Project
Soil Care in Market Gardening in Luxembourg
This research is centred around the concept of soil care in community-supported small-scale market gardening. The two gardens in Luxembourg where the e fieldwork was conducted take a no-dig approach to regenerating soil health.
Based on prolonged ethnographic engagements Michiel starts the thesis from the daily practice of soil care to sketch its process-relationality. Gardening with soil for two growing seasons has allowed him to internalise the logic of soil care and see its multiplicity and challenges. Next, he explores what lessons these human-nonhuman relations have for care theory. For example, nonhumans cannot respond verbally to the care given, which has implications for the responsibilities we take. In other words, how does caring with soil work in practice?
In the next chapter Michiel elaborates on the affective dimension of soil care. Being immersed in the gardens he has been able to feel the life regenerating processes. Without knowing precisely what processes occur in the soil, there is a strong sense that no-dig gardening is creating the conditions for life to flourish.
Lastly, these gardens do not exist in isolation. Particularly the issue of land (high prices, insecure tenure contracts, etc.) is a pressing one. In this last chapter of the thesis Michiel zooms out to see soil care in the wider context of land (un)availability. By looking at land relations he hopes to learn about how the direct practice of immediate soil care is fostered or hindered by the wider care relations.

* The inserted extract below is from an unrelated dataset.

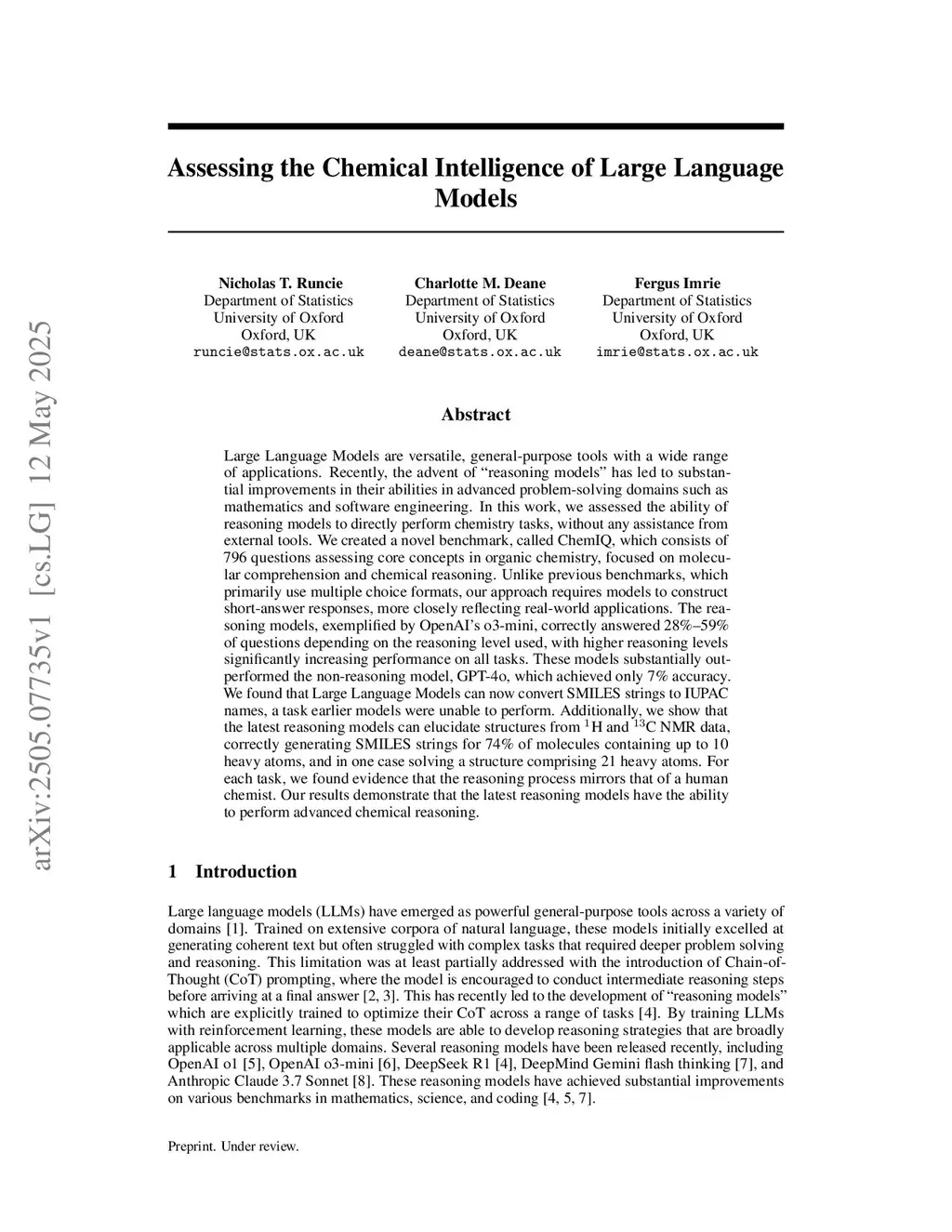 Large Language Models are versatile, general-purpose tools with a wide range of applications. Recently, the advent of "reasoning models" has led to substantial improvements in their abilities in advanced problem-solving domains such as mathematics and software engineering. In this work, we assessed the ability of reasoning models to perform chemistry tasks directly, without any assistance from external tools. We created a novel benchmark, called ChemIQ, consisting of 816 questions assessing core concepts in organic chemistry, focused on molecular comprehension and chemical reasoning. Unlike previous benchmarks, which primarily use multiple choice formats, our approach requires models to construct short-answer responses, more closely reflecting real-world applications. The reasoning models, OpenAI's o3-mini, Google's Gemini Pro 2.5, and DeepSeek R1, answered 50%-57% of questions correctly in the highest reasoning modes, with higher reasoning levels significantly increasing performance on all tasks. These models substantially outperformed the non-reasoning models which achieved only 3%-7% accuracy. We found that Large Language Models can now convert SMILES strings to IUPAC names, a task earlier models were unable to perform. Additionally, we show that the latest reasoning models can elucidate structures from 1D and 2D 1H and 13C NMR data, with Gemini Pro 2.5 correctly generating SMILES strings for around 90% of molecules containing up to 10 heavy atoms, and in one case solving a structure comprising 25 heavy atoms. For each task, we found evidence that the reasoning process mirrors that of a human chemist. Our results demonstrate that the latest reasoning models can, in some cases, perform advanced chemical reasoning.

The thesis combines the issues and arguments that research participants make relevant in combination with is theoretically novel contributions to care theory. Throughout the thesis he aims to write creative non-fiction to engage readers affectively in the soil-centred stories. These stories serve to analyse the novel engagements of market gardeners with their soil to hopefully inspire eco-positive mindset shifts for transformative change.